The next morning, I rowed ashore to go clear in. There were some local islanders hanging out by the dock, and one of them came up to me as I was stepping onto the pier. “Man, I thought you was a dude out there rowing!”, he said. This is the second time I’ve been mistaken for a dude while doing something on my boat. I think it’s pretty funny because I don’t exactly have a boyish figure. That day, I was wearing short shorts and had my hair in two braids. People just see what they are expecting, I guess. Since we were already chatting, I asked my new friend where Island Water World is. This is a local marine hardware store that will also clear you in somehow. “I’ll take you there, man”, I was told. We had a pleasant walk. I leaned his name was Rodrigo and that he was from Anguilla. His girlfriend lives in St. Martin, so he comes over on his boat to visit her. Rodrigo dropped me off at Island Water World and waved goodbye.
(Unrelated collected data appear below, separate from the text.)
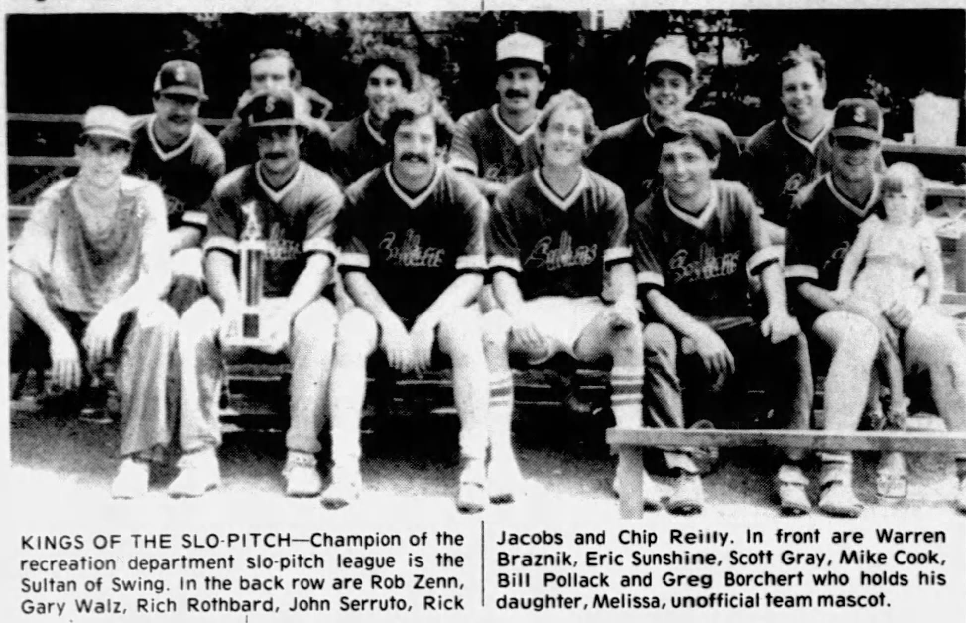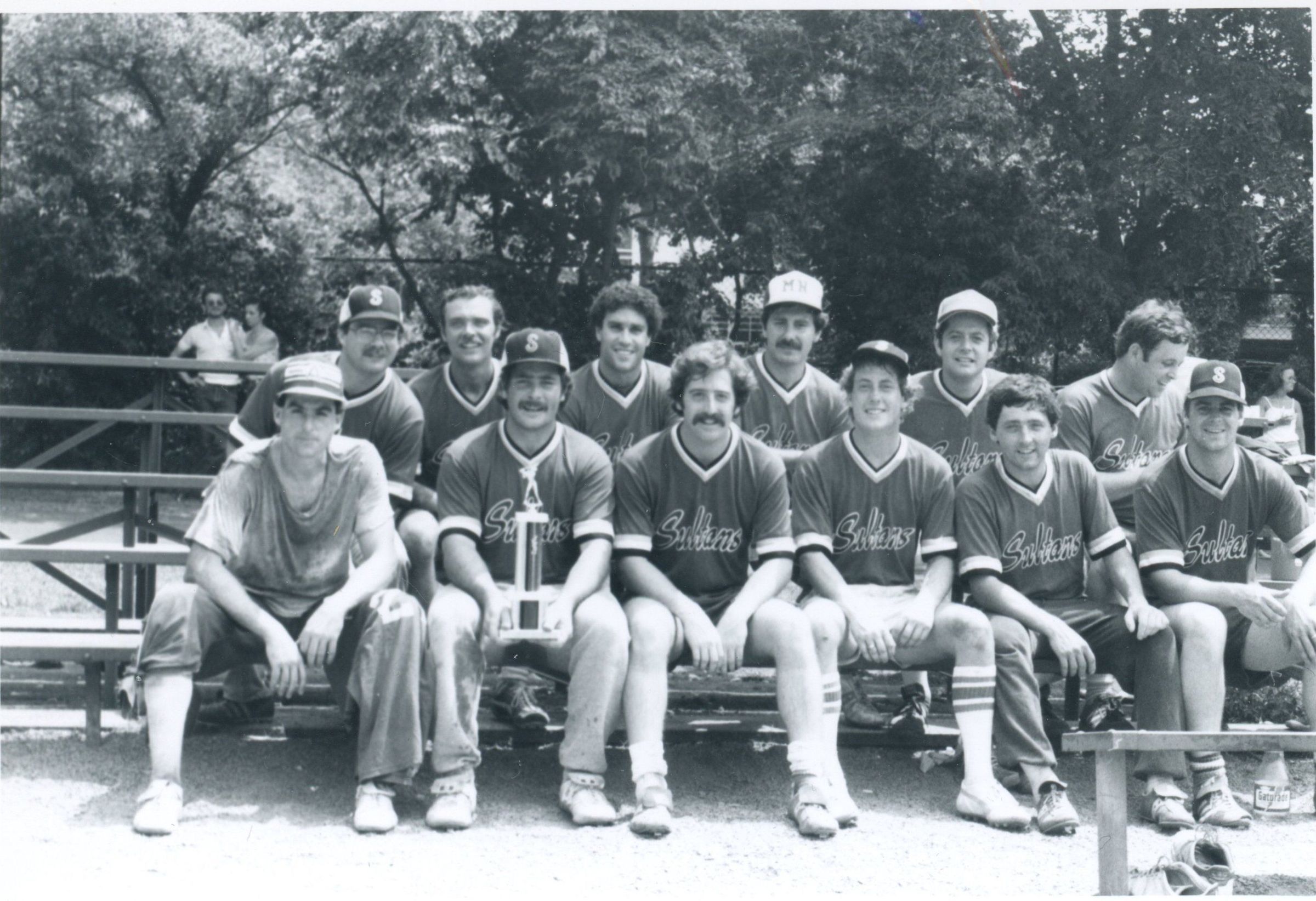 Photograph of the 1982Millburn Recreation Department Slo-Pitch League champion team, the Sultans, showing from left to right: Front Row-Warren Braznik, Eric Sunshine, Scott Gray, Mike Cook, Bill Pollack and Greg Borchert. Back Row: Rob Zenn, Gary Walz, Rich Rothbard, John Serruto, Rick Jacobs and Chip Reilly. Photograph from the Item, July 29, 1982 also features Melissa Borchert on her father's lap.Acquisition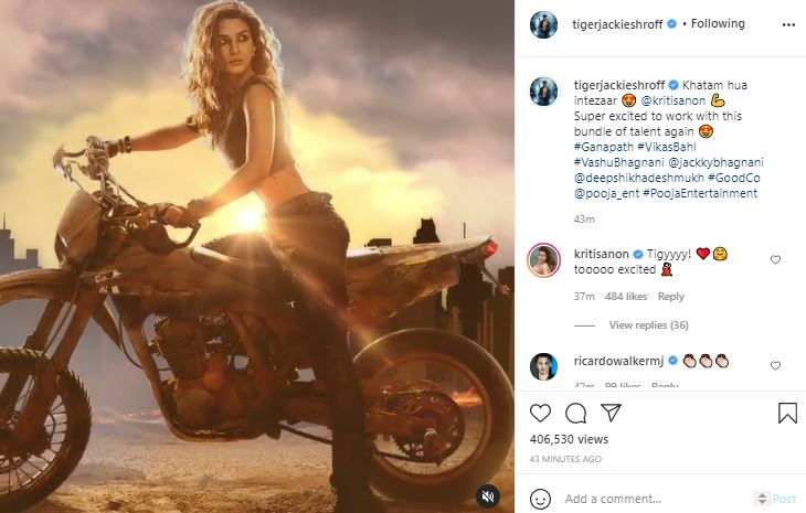 The 'Dilwale' star Sanon also chimed into the comments section, saying she feels elated to be paired with Shroff again.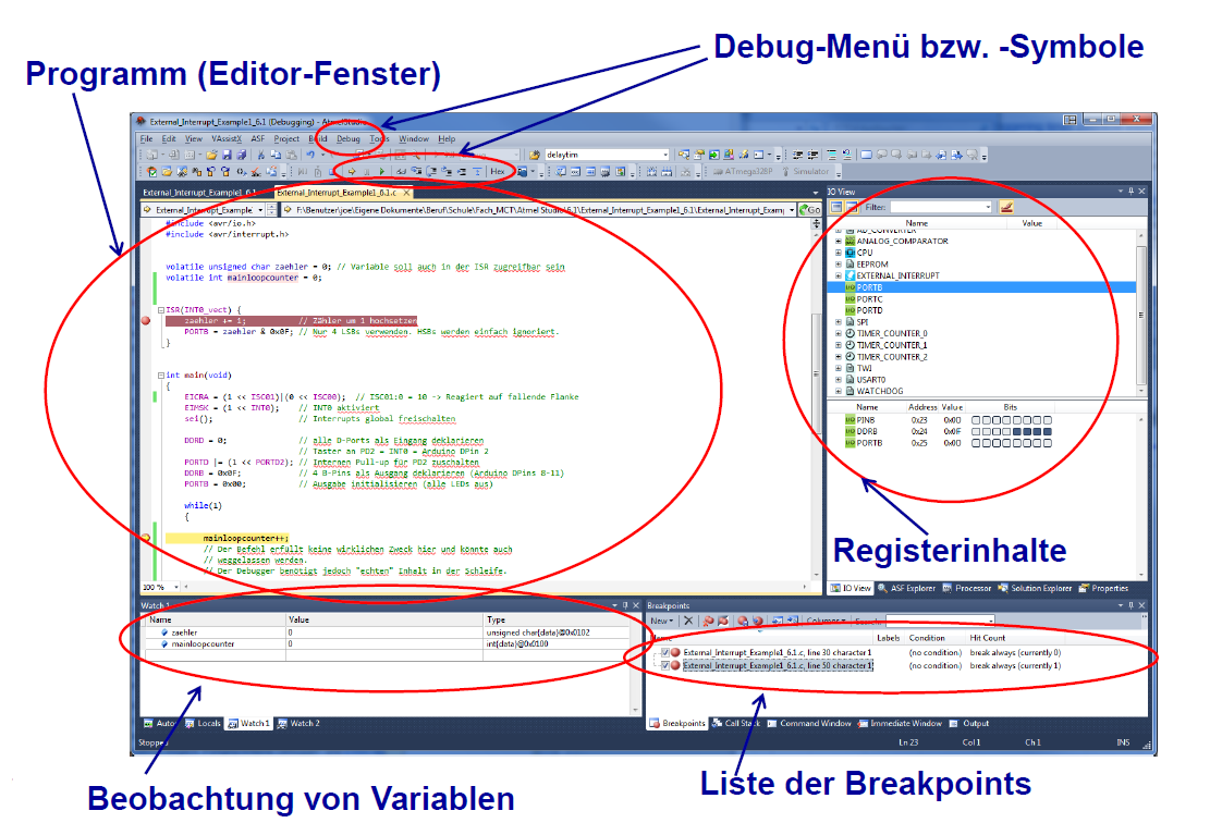 Abb.:AtmelStudio - Debugging; Quelle: BBS2 Wolfsburg

After clearing in, I wandered around town. St. Martin is French-owned, and their food is amazing. I’ve been eating so much cheese and bread and good cheap wine that I’m worried about the freeboard on my dinghy. I’ve found everyone I meet to be extremely friendly- both the local islanders and the French. I had a religious moment at the giant grocery store- the SuperU. I hadn’t been in a grocery store this nice since leaving the Statees over a month ago. The prices were reasonable, and the produce so beautiful it made me want to curl up with it on a blanket and watch the sun set. I’m planning on staying here until the end of the week, and then my next stop is going to be Antigua! The adventure never dies.
One Reply to “Pickles for Breakfast”
You’re amazing! Love hearing about your travels!